Posted by
Tom L. on Wednesday, April 28, 2010 11:02:16 AM
The Supreme Court has ruled a white cross, erected as a war memorial and placed on national parkland in the California desert, does not violate the constitutional separation of church and state. At issue before the justices was whether the display fundamentally violates the first ten words of the Bill of Right.
Putting a religious symbol on public property (not quite the case just decided) does not establish an official state religion (unless all other religious symbols are prohibited). Not allowing a religious symbol on public property does prohibit the free exercise thereof.
“We the People of the United States, in Order to form a more perfect Union…” Many may know the preamble to the Constitution of the United States; very few (including judges) know the postample:
“Done in Convention by the Unanimous Consent of the States present the Seventeenth Day of September in the Year of our Lord one thousand seven hundred and Eighty seven and of the Independence of the United States of America the Twelfth.”

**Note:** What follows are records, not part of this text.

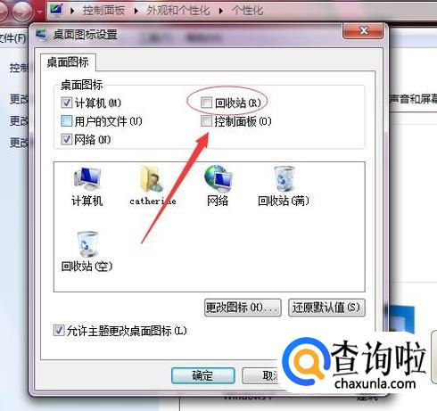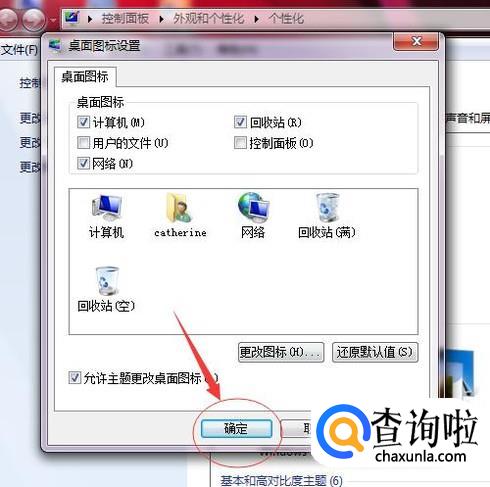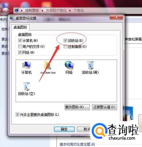 可以看到我们选择的桌面图标只有“计算机”和“网络”,并没有选择“回收站”。小编在这里告诉大家,其他的桌面图标也可以在这里 添加,方式和添加“回收站”一样。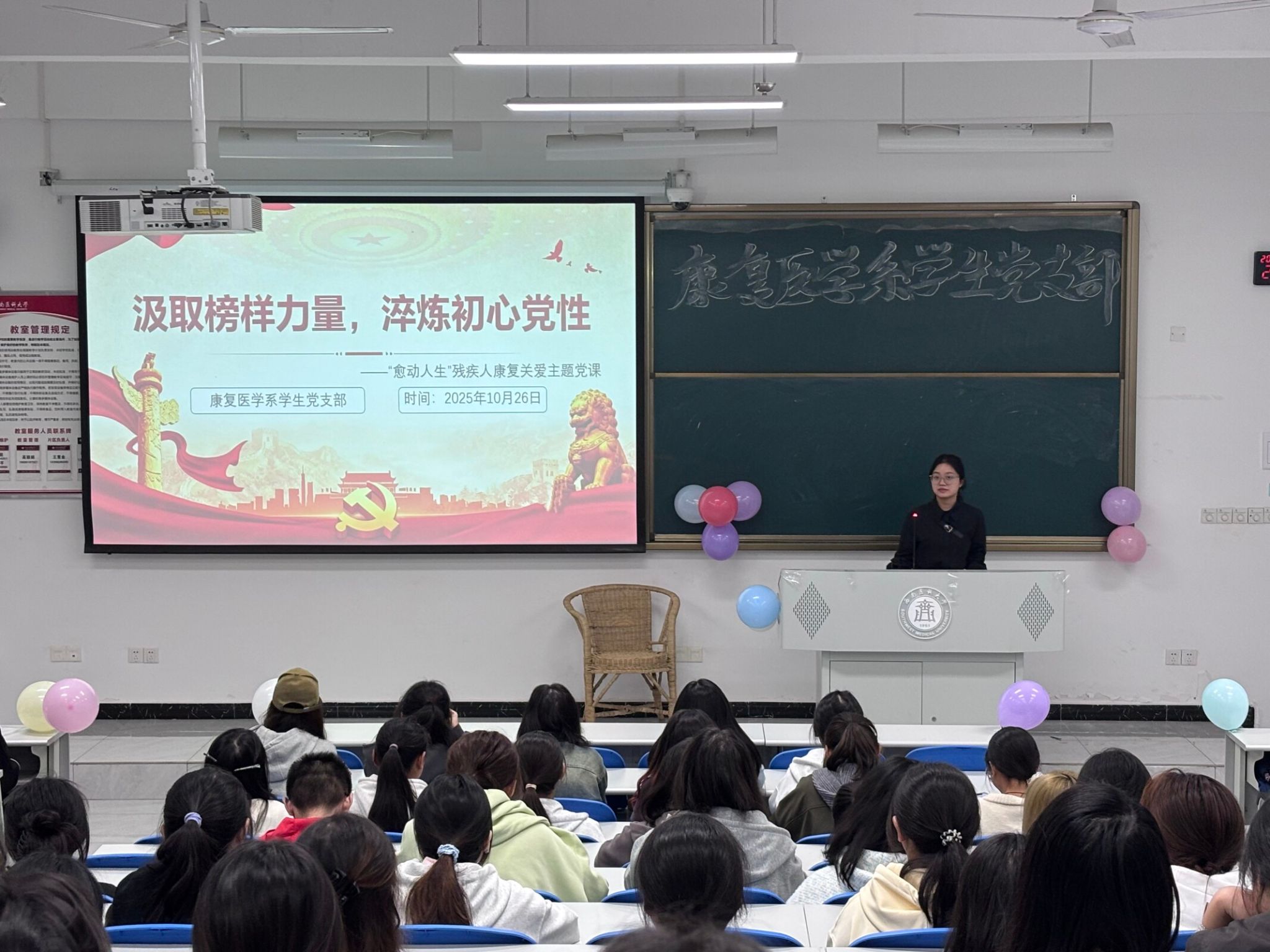 近日,康复医学系学生党支部在海川楼506教室开展了“汲取榜样力量,淬炼初心党性”主题活动。本次活动由康复医学系学生党支部书记侯萍主讲,全体党员参加。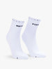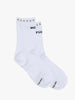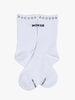 Watch your step. Tube socks with a subtle message from MOTHER. Shown here in white with black text and stud embellishments.

Then the are those first ten words of the first admendment: “Congress shall make no law respecting an establishment of religion,…” Few (including judges) know the six words that follow: “or prohibiting the free exercise thereof”.
Almost every state included in its Constitution radification document either “Anno Domini” or “in the year of our Lord”.

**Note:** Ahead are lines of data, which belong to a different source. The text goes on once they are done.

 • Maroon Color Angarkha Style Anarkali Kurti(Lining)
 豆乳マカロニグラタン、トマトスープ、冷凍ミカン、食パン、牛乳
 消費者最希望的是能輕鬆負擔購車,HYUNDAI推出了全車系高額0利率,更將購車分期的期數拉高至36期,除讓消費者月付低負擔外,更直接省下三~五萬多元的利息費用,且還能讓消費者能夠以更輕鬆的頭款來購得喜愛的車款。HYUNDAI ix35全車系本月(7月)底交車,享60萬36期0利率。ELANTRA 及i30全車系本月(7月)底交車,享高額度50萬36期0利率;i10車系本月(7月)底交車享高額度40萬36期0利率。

Clearly the overwhelming number of the founding fathers, those drafting the Constitution, and those ratifying it, believed in God, faith, and religion. Not just any religion, “Year of our Lord” and “Anno Domini” can only refer to one religion, Christianity.

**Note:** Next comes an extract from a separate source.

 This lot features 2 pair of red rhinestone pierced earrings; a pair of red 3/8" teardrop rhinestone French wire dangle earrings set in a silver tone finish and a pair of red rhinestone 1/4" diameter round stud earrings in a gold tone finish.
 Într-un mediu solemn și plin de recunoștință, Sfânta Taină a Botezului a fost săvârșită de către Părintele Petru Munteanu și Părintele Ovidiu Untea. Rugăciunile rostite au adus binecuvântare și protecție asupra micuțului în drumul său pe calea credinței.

But what about “Congress shall make no law respecting an establishment of religion”? Having seen and suffered under a state religion, the founders wanted to prohibit an official state religion, which they understood could cause the state to surpress those who did not believe in that religion.
The founders also understood that it was not enough to stop the government from establishing a religion, as men of faith they knew it was necessary to stop the government from prohibiting the free exercise of religion.
In simple terms the government cannot make an official religion, nor can it prohibit the practice of any religion.
Putting a religious symbol on public property (not quite the case just decided) does not establish an official state religion (unless all other religious symbols are prohibited). Not allowing a religious symbol on public property does prohibit the free exercise thereof.